Truck pile-up at Malaba border as Uganda seeks mandatory Covid-19 testing

A truck pile-up has started to build along the Kenyan borders with Uganda following Kampala’s call for mandatory testing of all drivers at border crossing points, even as transporters threatened to suspend haulage of cargo through the Northern Corridor if the issues is not addressed.

Uganda directed mandatory Covid-19 testing of all incoming travellers, including truck drivers, on December 20 last year.

As a result, long queues have been reported all the way from Amagoro in Kenya, a few kilometres from the Malaba border post, since January 1.

“I did Covid-19 test at Inland Container Depot in Nairobi and I have a valid certificate which is still valid for seven days. Why am I forced to get tested again?” asked Mohammed Mahmud, a truck driver.

The new directive by Uganda authorities proposed the review of the Regional Electronic Cargo and Drivers Tracking System (RECDTS), which allows Covid-19 testing after 14 days, to a shorter duration of 7 days, due to the high transmissibility of the Omicron variant, which has a shorter incubation period.

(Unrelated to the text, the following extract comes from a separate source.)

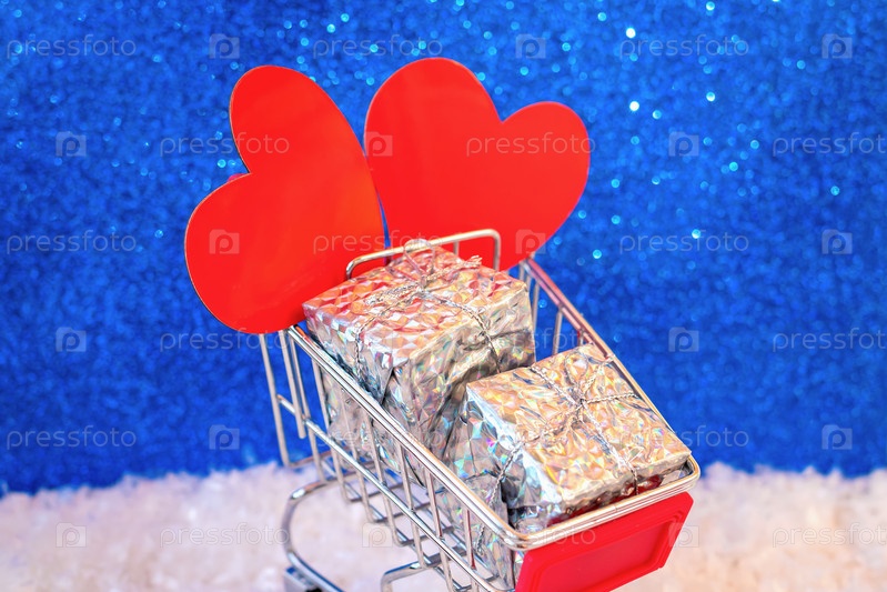 Два красных сердца и подарочные коробки в корзине на блестящем синем фоне со снегом. Концепция покупки подарков и сюрпризов на День святого Валентина

Due to ongoing trade barriers, Kenya Transporters Association (KTA) has threatened to suspend hauling of cargo until the Ugandan government reconsiders its new directive.

“We are urging Ugandan authorities to consider the new directive and drop the $30 charge per test, which is an additional cost since in the other East African Community (EAC) states, Covid-19 tests are carried out free of charge. We also want clarification of how frequently the test will be carried out and their duration,” said KTA chairman Newton Wang’oo in a statement copied to the ministers of Health in Kenya, Uganda, and Rwanda.

“We need assurance on the safety and the security of drivers and trucks in case the result turns out positive. Where will the drivers be isolated and at what costs? Who will pay the cost? What will be the duration of isolation period if the driver is asymptomatic?”

Since 2020, the region has been operating RECDTS, an initiative that was supported by Trademark East Africa (TMEA), to monitor Covid-19 cases across the borders.

Ministries of Health in the EAC share Covid-19 results from various tests centres and the results are acceptable across the borders, easing crossing time.

Introduction of the $30 charge for the test by Uganda goes against EAC agreement. Kenya and Rwanda have been offering Covid-19 testing for free to drivers after EAC Health Ministries agreed to share the cost in mid-2021.

The Federation of East African Freight Forwarders Association (FEAFFA) president, Fred Seka, also protested against Uganda’s move.

He said the new directive will increase other operational expenses such as the demurrage charges that are likely to arise due to the increase in truck turnaround times as the private sector attempts to adjust to these new measures.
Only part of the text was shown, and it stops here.